The U.S. Supreme Court is considering whether to hear the appeal of Peggy Young. She wants the Court to decide whether, and in what circumstances, the federal Pregnancy Discrimination Act of 1978 (“PDA”) requires an employer to provide work accommodations to pregnant employees. If the Supreme Court decides to take this case, it might possibly follow California’s example in requiring employers to make reasonable accommodations for pregnancy.
Young worked for United Parcel Service (“UPS”) as a driver in Maryland. Following two unsuccessful rounds of in vitro fertilization, Young became pregnant. She then submitted to UPS notes from her medical providers who recommended that she not lift more than 20 pounds during her pregnancy. These notes caused UPS to conclude that Young was unable to perform the essential functions of her job, which requires drivers to lift up to 70 pounds, and that she was ineligible for a light duty assignment. UPS’s policy stated that light duty was only available for employees who either had sustained an on-the-job injury, had lost their Department of Transportation certification, or were disabled within the meaning of the Americans with Disabilities Act. Because Young did not qualify for light duty under these criteria, she was placed on an extended leave of absence without pay and eventually lost her medical coverage. She returned to work at UPS after giving birth.
In her lawsuit, Young alleges, among other things, that UPS’ light duty policy violated the PDA. It prohibits discrimination based on pregnancy, childbirth or related medical conditions. In addition, the PDA only requires pregnancy accommodations if the accommodations are already provided to employees “similar in their ability or inability to work.” The U.S. Court of Appeals in Richmond, VA ultimately sided with UPS and held that the company’s light duty policy was “neutral” and “pregnancy-blind” in that it did not discriminate against pregnant workers. The Court also concluded that the PDA does not require an employer to provide light-duty assignments to pregnant employees unless light duty was also available to non-pregnant workers. Where a policy treats pregnant and non-pregnant workers the same, the employer has complied with the PDA.
Finally, the Court of Appeals said that if the PDA required employers to accommodate pregnant employees with light duty work as Young argued, then it would cause employers to favor pregnant workers over non-pregnant workers whose restrictions arise from non-work related conditions. For example, under this scenario, a pregnant worker would be entitled to light duty while a firefighter who injured his back picking up his infant child would be ineligible for light duty. Thus, the Court of Appeals felt Young’s interpretation of the PDA was not consistent with Congress’ intent in enacting the law.
Regardless of whether the Supreme Court decides to hear Young v. UPS, California employers are already required to provide reasonable accommodations to pregnant employees. Regulations regarding pregnancy under the Fair Employment and Housing Act provide that it is illegal for an employer to deny a pregnant employee’s request for a reasonable accommodation if the request is based on the advice of the employee’s medical provider and the requested accommodation is reasonable.

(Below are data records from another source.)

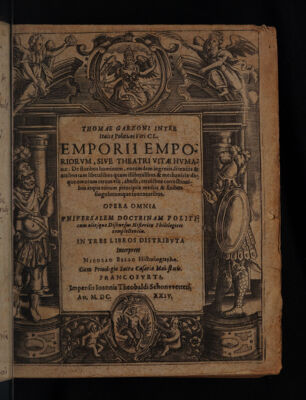 Emporii emporiorum, sive theatri vitae humanae: de statibus hominum, eorumdem ingeniis, scientiis et artibus ... Opera omnia, universalem doctrinam politicam aliosque discursus historico philologicos complectentia. In tres libros distributa / Interprete N. Bello [i.e. M.C. Lundorp].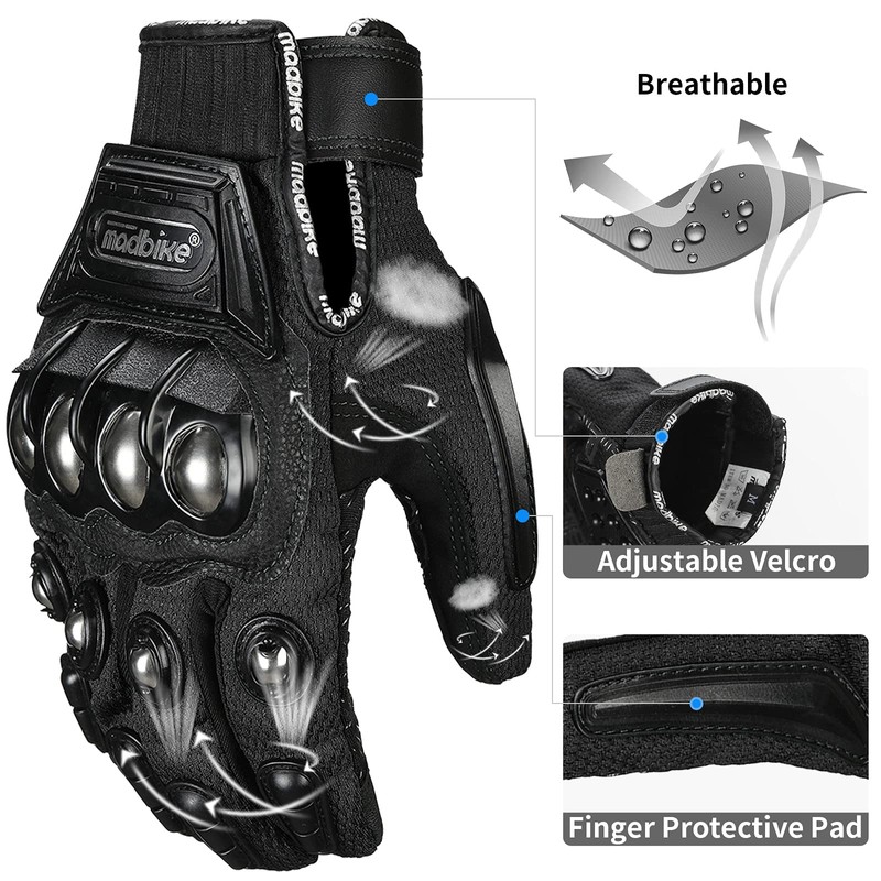 ILM Alloy Steel Touchscreen Bicycle Motorcycle Motorbike Powersports Racing Gloves (XXL, Black) Model 10C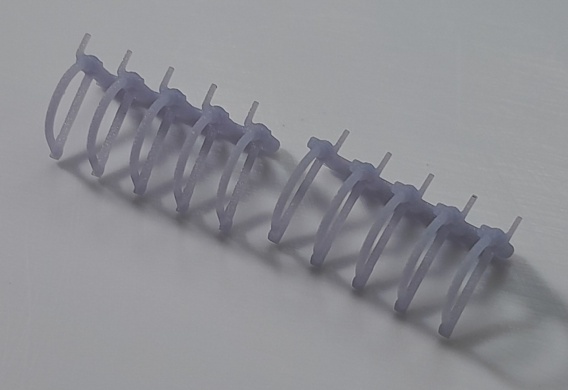 Wykonany w technologii druku 3D zestaw dziesięciu przewodów hamulcowych. 5 "prawych i 5 "lewych"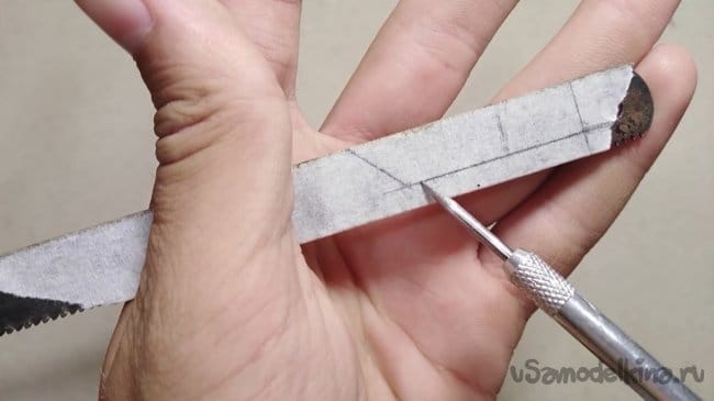Самым первым что нужно сделать это нанести шаблон (чертеж) для вырезания. Я наклеил малярную ленту, на которой можно чётко видеть где резать, ну можно конечно нанести белую краску и уже там наносить чертеж.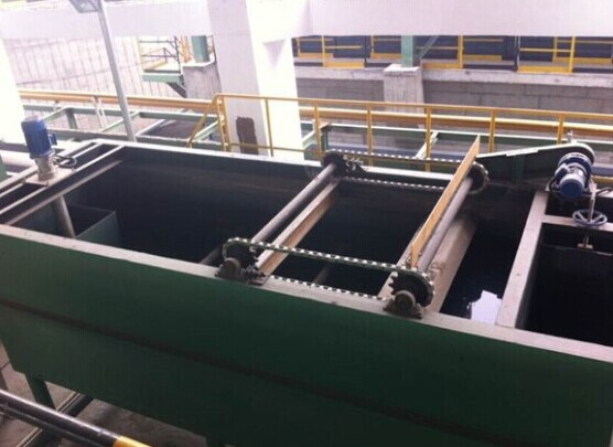 渦凹?xì)飧》Q為旋切氣浮,渦凹?xì)飧C(jī)是一種主要用于去除工業(yè)或城市污水中的油脂、膠狀物及固體懸浮物而設(shè)計的污水處理設(shè)備。系統(tǒng)主要由曝氣裝置、刮渣裝置和排渣裝置組成,其中曝氣裝置主要是渦凹曝氣機(jī),刮渣裝置主要由刮渣機(jī)和牽引鏈條組成,排渣裝置主要為螺旋推進(jìn)器,如下圖所示。工作時,溶氣設(shè)備由電機(jī)帶動高速旋轉(zhuǎn)(旋

The regulations also provide that a factual determination must be made on a case-by-case basis to determine whether an accommodation is reasonable. Factors to be considered include, but are not limited to, the employee’s medical needs, the duration of the needed accommodation, and the employer’s legally permissible past and current practices. The employer and employee are also obligated to engage in a good faith interactive process to identify and implement the employee’s request for reasonable accommodation. The employer can require a medical certification supporting the employee’s need for an accommodation.
Women’s and civil rights organizations have praised California’s pregnancy accommodation law. Whether the Supreme Court will also be persuaded by California’s example if it decides to hear Young’s case remains to be seen.